Rosler thinks that artists must do better than the museums, better than the media; saying that “surely [artists] can offer an array of more socially invested, socially productive counterpractices [sic], ones making a virtue of their person-centeredness, originations with persons-rather than from industries or institutions” (473). In Bill Viola’s even simpler terms, the tool of technology cannot be allowed to infringe on “development of self” (325). This investigation and investiture of oneself in communication, context and culture is a far more urgent rallying cry than perception and appreciation for artists working in all mediums, not just sound and technology.
Karen Joan Topping
12/5/07
University of the Arts, Philadelphia, PA
Works Cited
Burroughs, William S. The Adding Machine: Selected Essays. New York: First Arcade. 1993.
Gadamer, Hans-Georg. “Hermeneutical Experience.” Philosophy Looks at the Arts: Contemporary Readings in Aesthetics. 3rd ed. Ed. Joseph Margolis. Philadelphia: Temple UP, 1987. 499-517.

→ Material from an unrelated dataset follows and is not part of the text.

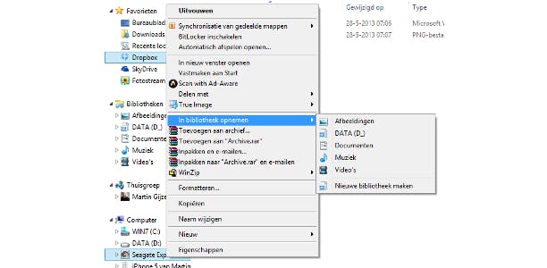 Je doet dit door in de Windows Verkenner te rechtsklikken op een station en vervolgens te kiezen voor In bibliotheek opnemen / Nieuwe bibliotheek maken. Vervolgens wordt er een nieuwe bibliotheek aangemaakt in de Windows Verkenner. Er is nog een iets geavanceerdere manier om dit te doen, door eerst een Opslagruimte aan te maken in Windows, maar dat is ingewikkelder en is meer bedoeld om uw pc te veranderen in een server en dat is niet waar we nu naar op zoek zijn.

Kabakov, Emilia. “Ilya and Emilia Kabakov: Conversations with Artists 2007-2008, Artistic Partnerships.” The Phillips Collection, Washington. 14, Nov 2007.
Kahn, Douglas. Noise, Water, Meat: A History Of Sound In The Arts. Cambridge: MIT Press, 1999.
Rosler, Martha. “Video: Shedding the Utopian Moment”. Theories and Documents of Contemporary Art. Stiles, Kristine and Peter Selz, eds. Berkley: University of California Press. 1996. 461-473.
Topping, Karen Joan. Build It Up; Knock It Down. Collection of the Artist. Washington, DC.
Viola, Bill. “Will There Be Condominiums In Data Space?” Multimedia: From Wagner to Virtual Reality. Packer, Randall and Ken Jordan, eds. New York: Norton. 2001. 316-326.